# What you will do:
All of the data should be copied exactly, with the pictures left out.

++++++++++++++++++++

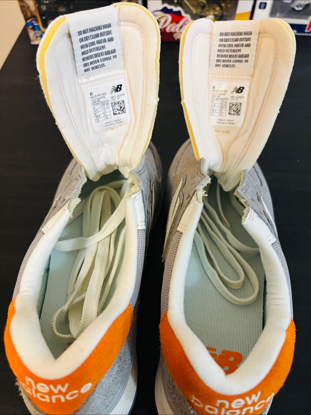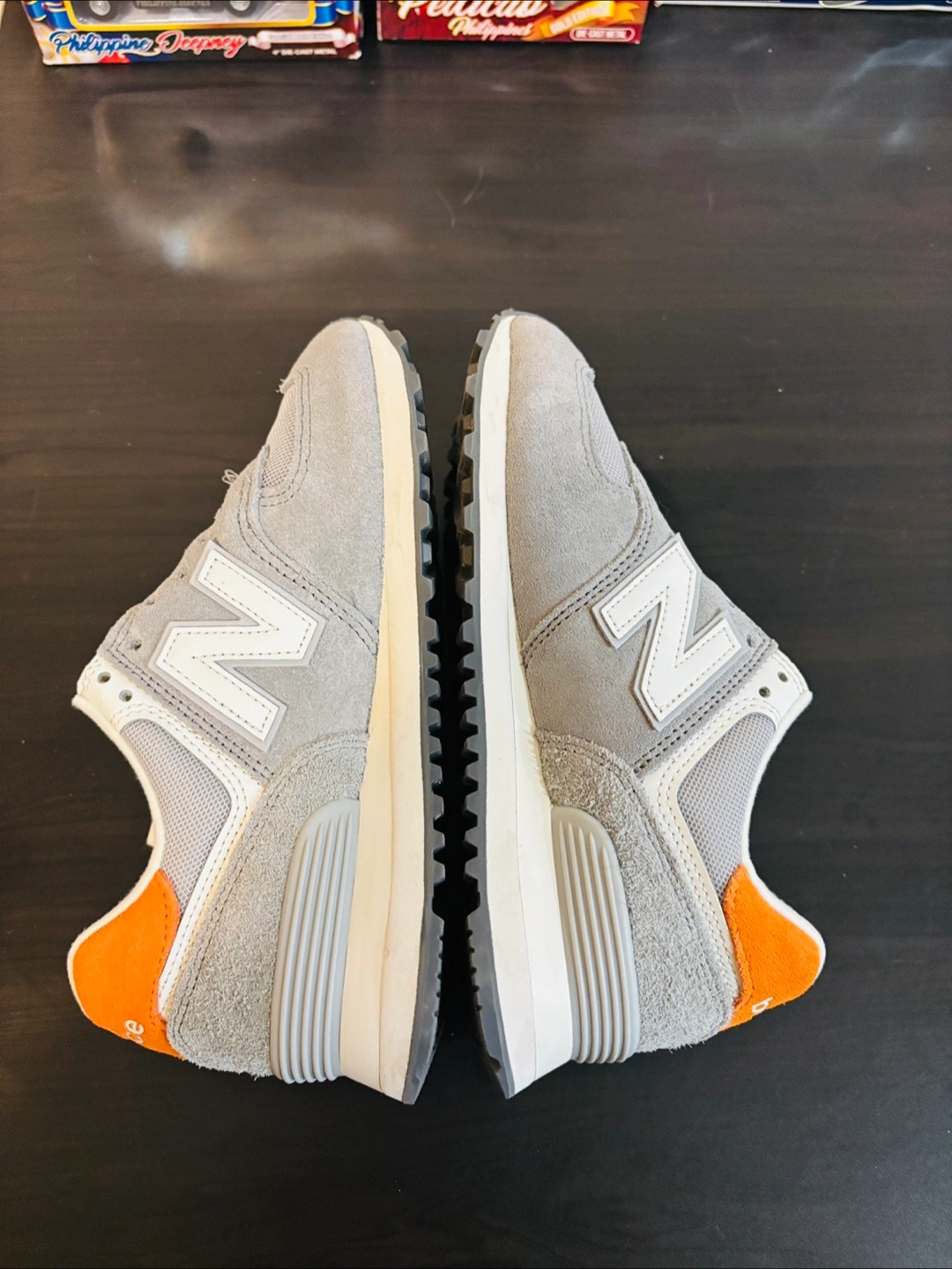 Selling a pair of New Balance 574 sneakers in a stylish grey and orange colourway. These are a US size 8.5. The soles show some signs of wear, but they're still in good condition for everyday wear.
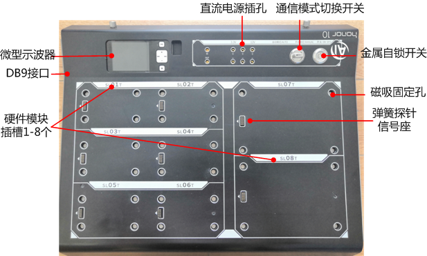 通用基礎(chǔ)平臺由平臺基座與垂直網(wǎng)板組成,符合人體工學(xué)設(shè)計?;_模設(shè)計,采用ABS材料,表面光滑,有質(zhì)感,有對應(yīng)絲印圖,美觀,大氣;基座具有DB9通信接口,3.3V/5V/12V電源插孔,通信選擇開關(guān)、總電源自鎖開關(guān);內(nèi)嵌微型示波器,可完成電路供電測試及工作過程關(guān)鍵點測試,能夠在電路原理學(xué)習(xí)基礎(chǔ)上完成實踐中的驗證測試,達到理實一體效果;具有8個SLOT插槽,磁吸固定孔,彈簧頂針管腳,可與硬件模塊磁性吸合,頂針連接,完成供電、RS485、RS232等標(biāo)準(zhǔn)總線通信。硬件模塊任意組合,支持各種場景應(yīng)用,每個模塊都有通信地址和硬件電路測試點,讓學(xué)生不僅懂得硬件電路原理,還可使用示波器測試硬件電路工作的瞬態(tài)過程。垂直網(wǎng)板是金屬網(wǎng)孔板,能磁吸或螺絲固定商用設(shè)備,用于用戶實驗拓展。
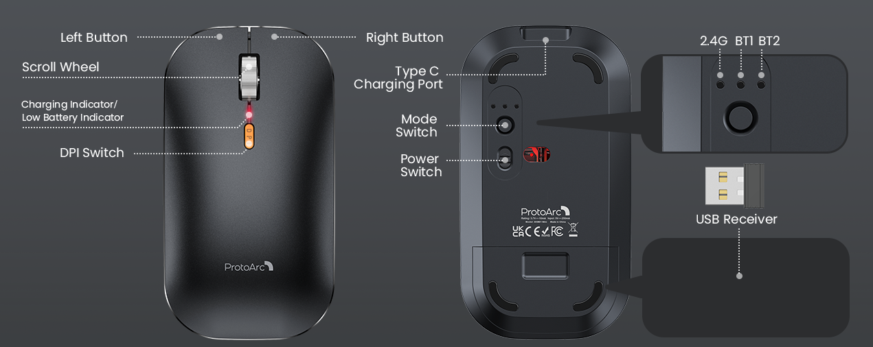 The wireless mouse only takes 2-3 hours to fully charge. Once charged, the standby time is up to 200 days (mouse) and the continuous working time is up to 84 hours (mouse). It also enters automatic sleep mode after 30 minutes of inactivity to save battery power.
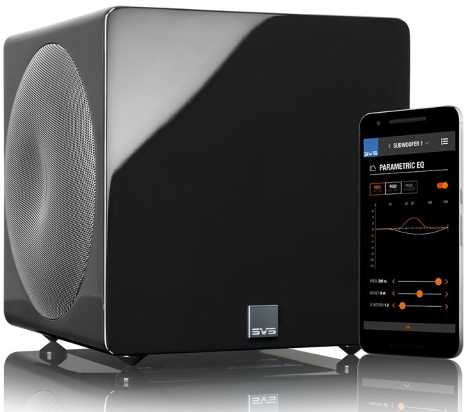 A 50 MHz Analog Devices DSP enables sophisticated control and custom frequency response curves for optimized real-world output and acoustically tuned room gain. It also enables advanced tuning and control via the SVS subwoofer DSP smartphone app.
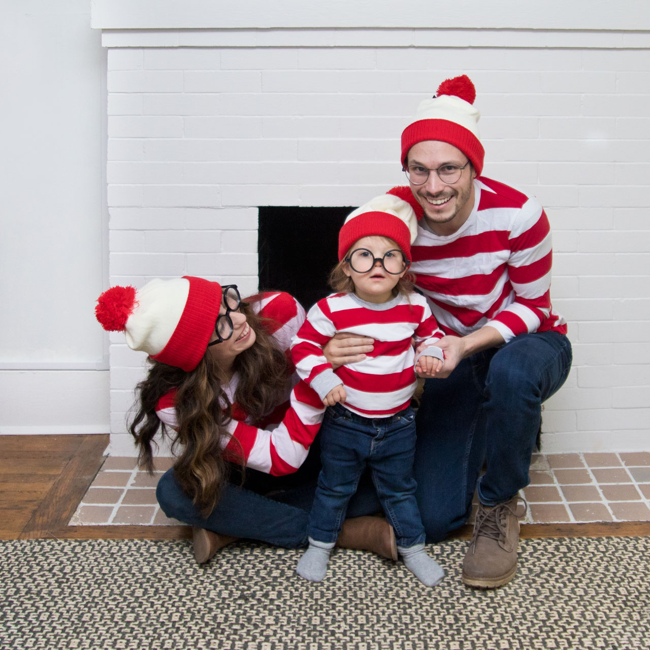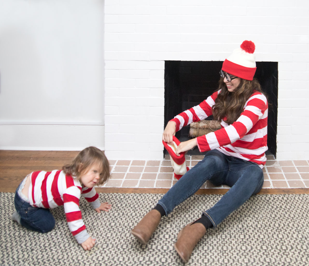 Last year I had grand plans for Halloween. We were going to be a family of fruits. Florence had a strawberry costume and I was going to make myself a lemon costume. Joey was going to be a watermelon. But somehow in the daze of being new parents, we lost track of time and before we knew it, it was Halloween Eve and only Florence had a costume. So I let it go, but this year, I was determined to not make the same mistake. So a few months ago, I started my family costume search. I wanted something easy and inexpensive. That’s how I landed on Where’s Waldo costumes.
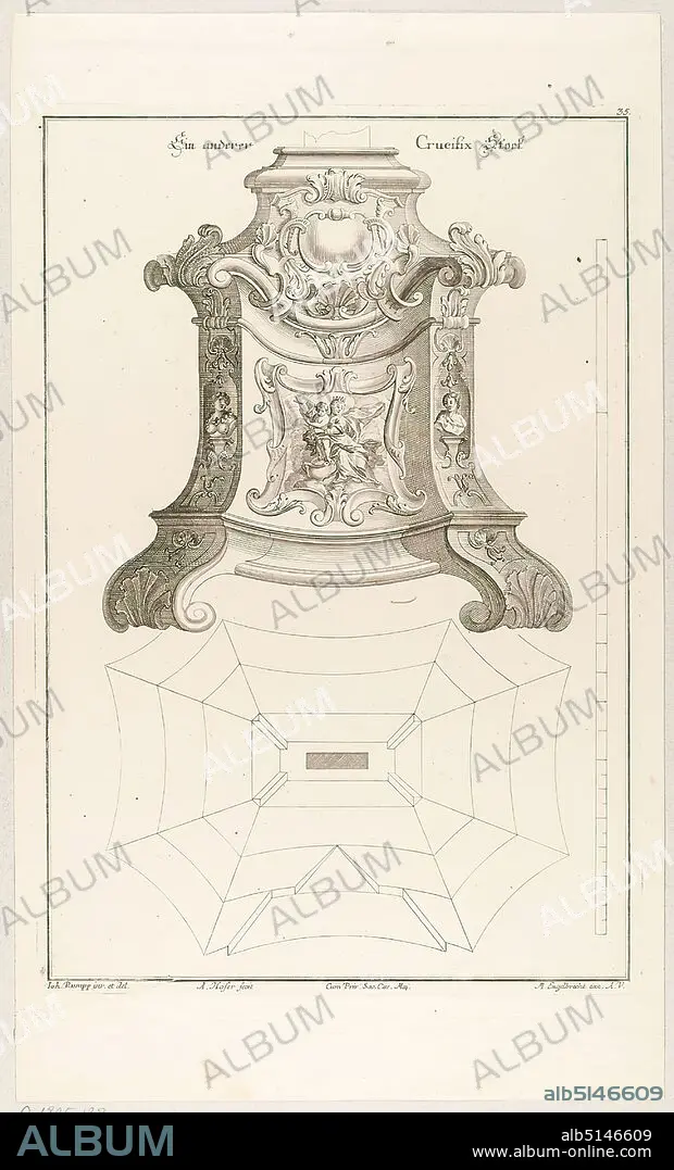 Martin Engelbrecht, Andreas Hofer, Johann Rumpp, ground and elevation of a crucifix base, copperplate engraving, sheet size: height: 36.2 cm; width: 21.7 cm, signed, numbered and inscribed in the plate: Another Crucifix Stick, Ioh. Rumpp inv. et del, A. Hofer fecit, Cum Priv. Sac. Caes. Maj, M. Engelbrecht exc. A. V, 35th, prints, printed matter, foliage and ribbon work, church furnishings, sculpture, sculpture, sculpture art, handicrafts, arts and crafts, industrial design, ornaments, rococo, sheet 35 from the series Unterschiedliche neue sehr nutliche Tischler oder Schreiner Risse inventirt u zeichnen von Johannes Rumpp von Kircheimh unter Teckh, published by M. Engelbrecht, Verlagsnummer 6.
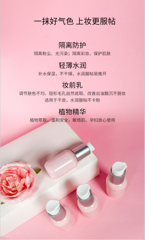 一般早上出门素颜没气色,涂一层玫瑰妆前润养霜就可以提亮肤色,方便又护肤,一步到位了,所以呢,买它一瓶=精华+遮瑕+妆前乳+隔离,这样一看,真的特别实惠了!
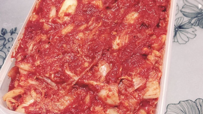 Finally, stir the pickled cabbage and onion well, sprinkle with the finished kimchi sauce, stir well, leave at room temperature for 1-2 days, and then put it in the refrigerator for about two days before eating, if you want to be more sour, you can put it for a few more days
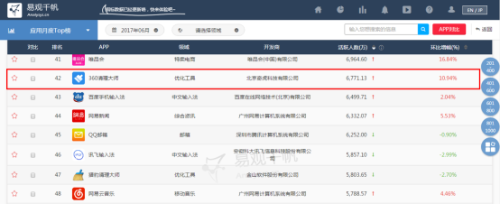 圖1 易不雅觀千帆月度TOP榜顯示 360清理大師位居優(yōu)化工具第一
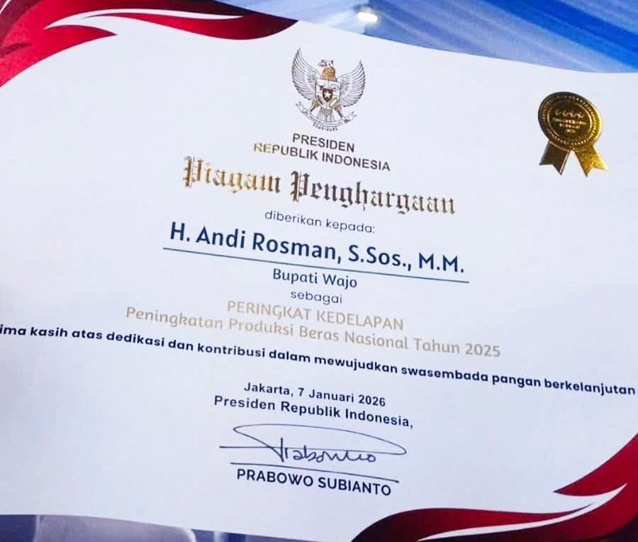 WAJO - Bupati Wajo, Andi Rosman diganjar penghargaan dari Presiden Republik Indonesia, Prabowo Subianto. Penghargaan tersebut diberikan Prabowo atas dedikasi dan kontribusi dalam mewujudkan Swasembada Pangan berkelanjutan. Bahkan, Kabupaten Wajo menempati peringkat kedelapan peningkatan produksi beras nasional...
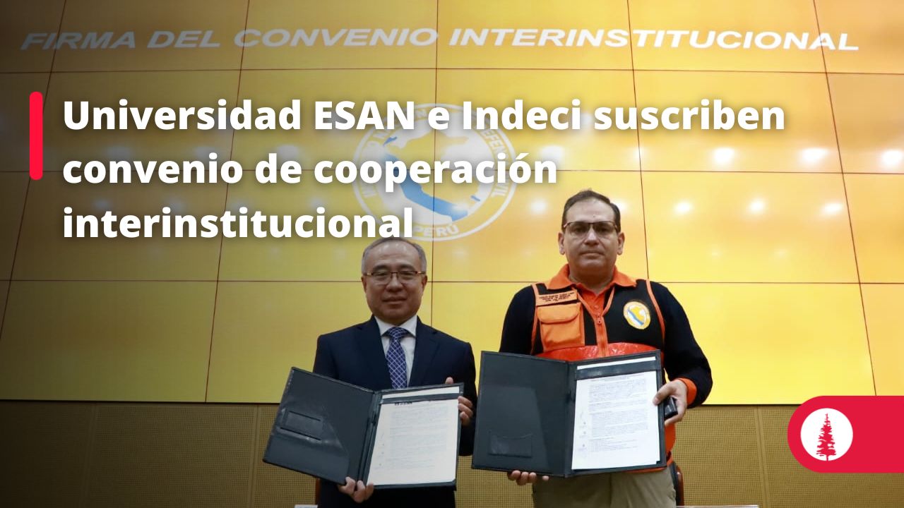 El pasado 5 de mayo, Jaime Serida, rector de la Universidad ESAN, y el Gral. Brig. EP Carlos Yáñez, jefe del Instituto Nacional de Defensa Civil (Indeci), suscribieron un convenio de cooperación interinstitucional, que tiene como finalidad promover el acceso a programas de capacitación y posgrados de ESAN. La ceremonia se llevó en el auditorio del Instituto Nacional de Defensa Civil en Chorrillos.

++++++++++++++++++++

# Exercise solution:
 Selling a pair of New Balance 574 sneakers in a stylish grey and orange colourway. These are a US size 8.5. The soles show some signs of wear, but they're still in good condition for everyday wear.
 通用基礎(chǔ)平臺由平臺基座與垂直網(wǎng)板組成,符合人體工學(xué)設(shè)計?;_模設(shè)計,采用ABS材料,表面光滑,有質(zhì)感,有對應(yīng)絲印圖,美觀,大氣;基座具有DB9通信接口,3.3V/5V/12V電源插孔,通信選擇開關(guān)、總電源自鎖開關(guān);內(nèi)嵌微型示波器,可完成電路供電測試及工作過程關(guān)鍵點測試,能夠在電路原理學(xué)習(xí)基礎(chǔ)上完成實踐中的驗證測試,達到理實一體效果;具有8個SLOT插槽,磁吸固定孔,彈簧頂針管腳,可與硬件模塊磁性吸合,頂針連接,完成供電、RS485、RS232等標(biāo)準(zhǔn)總線通信。硬件模塊任意組合,支持各種場景應(yīng)用,每個模塊都有通信地址和硬件電路測試點,讓學(xué)生不僅懂得硬件電路原理,還可使用示波器測試硬件電路工作的瞬態(tài)過程。垂直網(wǎng)板是金屬網(wǎng)孔板,能磁吸或螺絲固定商用設(shè)備,用于用戶實驗拓展。
 The wireless mouse only takes 2-3 hours to fully charge. Once charged, the standby time is up to 200 days (mouse) and the continuous working time is up to 84 hours (mouse). It also enters automatic sleep mode after 30 minutes of inactivity to save battery power.
 A 50 MHz Analog Devices DSP enables sophisticated control and custom frequency response curves for optimized real-world output and acoustically tuned room gain. It also enables advanced tuning and control via the SVS subwoofer DSP smartphone app.
 Last year I had grand plans for Halloween. We were going to be a family of fruits. Florence had a strawberry costume and I was going to make myself a lemon costume. Joey was going to be a watermelon. But somehow in the daze of being new parents, we lost track of time and before we knew it, it was Halloween Eve and only Florence had a costume. So I let it go, but this year, I was determined to not make the same mistake. So a few months ago, I started my family costume search. I wanted something easy and inexpensive. That’s how I landed on Where’s Waldo costumes.
 Martin Engelbrecht, Andreas Hofer, Johann Rumpp, ground and elevation of a crucifix base, copperplate engraving, sheet size: height: 36.2 cm; width: 21.7 cm, signed, numbered and inscribed in the plate: Another Crucifix Stick, Ioh. Rumpp inv. et del, A. Hofer fecit, Cum Priv. Sac. Caes. Maj, M. Engelbrecht exc. A. V, 35th, prints, printed matter, foliage and ribbon work, church furnishings, sculpture, sculpture, sculpture art, handicrafts, arts and crafts, industrial design, ornaments, rococo, sheet 35 from the series Unterschiedliche neue sehr nutliche Tischler oder Schreiner Risse inventirt u zeichnen von Johannes Rumpp von Kircheimh unter Teckh, published by M. Engelbrecht, Verlagsnummer 6.
 一般早上出门素颜没气色,涂一层玫瑰妆前润养霜就可以提亮肤色,方便又护肤,一步到位了,所以呢,买它一瓶=精华+遮瑕+妆前乳+隔离,这样一看,真的特别实惠了!
 Finally, stir the pickled cabbage and onion well, sprinkle with the finished kimchi sauce, stir well, leave at room temperature for 1-2 days, and then put it in the refrigerator for about two days before eating, if you want to be more sour, you can put it for a few more days
 圖1 易不雅觀千帆月度TOP榜顯示 360清理大師位居優(yōu)化工具第一
 WAJO - Bupati Wajo, Andi Rosman diganjar penghargaan dari Presiden Republik Indonesia, Prabowo Subianto. Penghargaan tersebut diberikan Prabowo atas dedikasi dan kontribusi dalam mewujudkan Swasembada Pangan berkelanjutan. Bahkan, Kabupaten Wajo menempati peringkat kedelapan peningkatan produksi beras nasional...
 El pasado 5 de mayo, Jaime Serida, rector de la Universidad ESAN, y el Gral. Brig. EP Carlos Yáñez, jefe del Instituto Nacional de Defensa Civil (Indeci), suscribieron un convenio de cooperación interinstitucional, que tiene como finalidad promover el acceso a programas de capacitación y posgrados de ESAN. La ceremonia se llevó en el auditorio del Instituto Nacional de Defensa Civil en Chorrillos.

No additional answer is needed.